Exercise instructions → Begin at the line that has "Quem me segue", stop after the line that has "2T14 | 3T14 |", and print exactly those lines from the records below, without any pictures.

Start of Records for this task

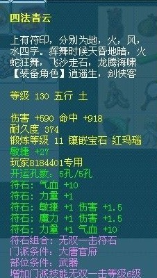 130时代的神器,这样的武器在2005年-2007年的梦来说,是神一样的存在。在早期跑人环只有出130书的时代,140的武器基本上是属于熊猫一样珍贵,150的就更是见都没见过.所以追求一个130的极品专用武器成了每一个大唐和狮驼岭玩家心中的梦想。但是现在已经很少有玩家还在打130武器,服战级别的输出系更是极少用130的.
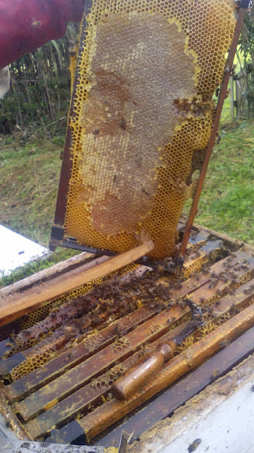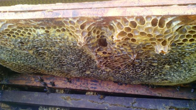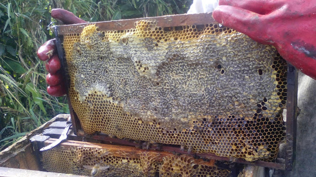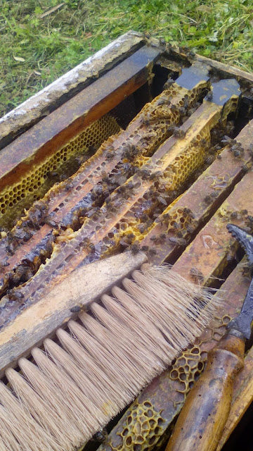 Quem me segue sabe que de vez em quando transformo-me em apicultora, hoje foi dia de mais uma destas transformações, e segundo o meu avô a ultima vez de 2014, isto porque agora só para abril de 2015 é que voltamos a abrir as colmeias para ver como se estão a portar as abelhinhas e se é necessário colocar mais cera.
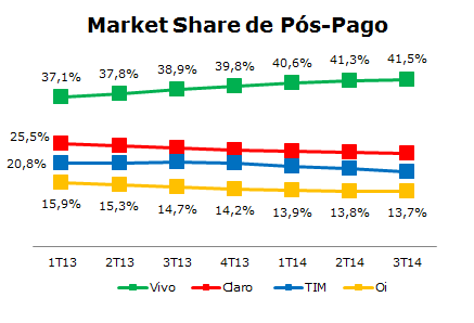 | Pós-pago | 1T13 | 2T13 | 3T13 | 4T13 | 1T14 | 2T14 | 3T14 |
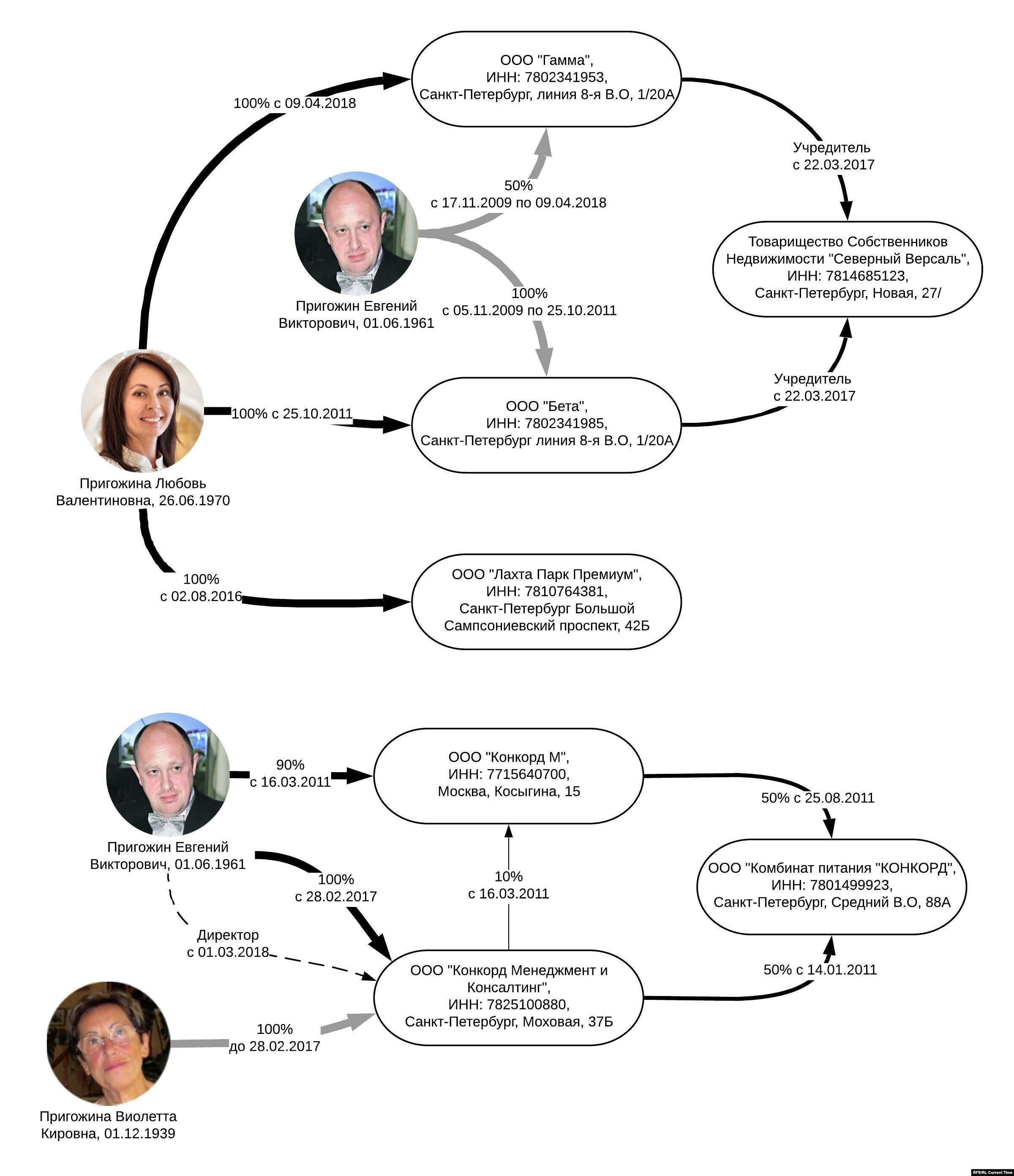 До 2011 года Евгений Пригожин был владельцем и совладельцем компаний «Бета» и «Гамма», позже они принадлежали его супруге Любови. В 2017 году «Бета» и «Гамма» учредили ТСЖ «Северный Версаль», а в 2016 году Любовь Пригожина стала владеть компанией «Лахта Парк Премиум». Владельцем головной компании Пригожина «Конкорд менеджмент и консалтинг» до февраля 2017 года выступала его мать — Виолетта Пригожина, после Евгений Пригожин стал владеть фирмой лично.
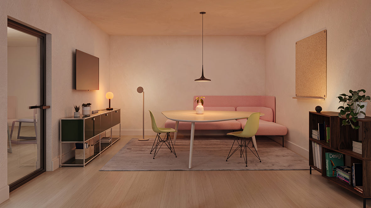 Одна из главных особенностей — технология Warm Dim: при снижении яркости свет становится теплее, имитируя естественное угасание дневного света.
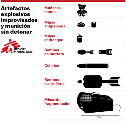 El constante cambio de posición de las líneas de frente deja un paisaje sembrado de minas, trampas explosivas y munición sin detonar en el que cientos de civiles han perdido la vida o han resultado mutilados por estos artefactos. Los explosivos se encuentran “plantados” en carreteras, campos de cultivo y también en las propias viviendas de la población, indica el nuevo informe de MSF. El reporte se ha basado en testimonios de los equipos médicos de la ONG en el norte de Siria, de pacientes y de sus familiares.
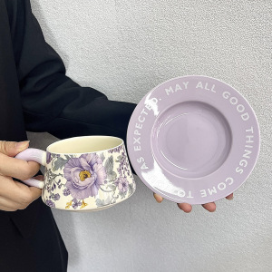 紫色牡丹花杯碟【礼盒装+礼袋】
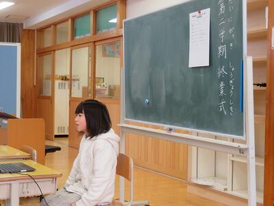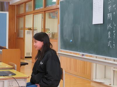 終業式は、リモートで行いました。4年生代表の2人が2学期に頑張ったことや思い出を発表しました。
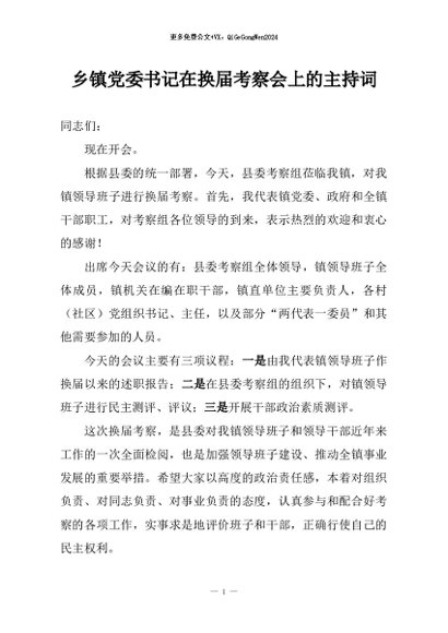 / 【七哥公文】2026年:乡镇党委书记在换届考察会上的主持词+更多免费公文+VX:QiGeGongWen2024

End of Records for this task

Answer below →
 Quem me segue sabe que de vez em quando transformo-me em apicultora, hoje foi dia de mais uma destas transformações, e segundo o meu avô a ultima vez de 2014, isto porque agora só para abril de 2015 é que voltamos a abrir as colmeias para ver como se estão a portar as abelhinhas e se é necessário colocar mais cera.
 | Pós-pago | 1T13 | 2T13 | 3T13 | 4T13 | 1T14 | 2T14 | 3T14 |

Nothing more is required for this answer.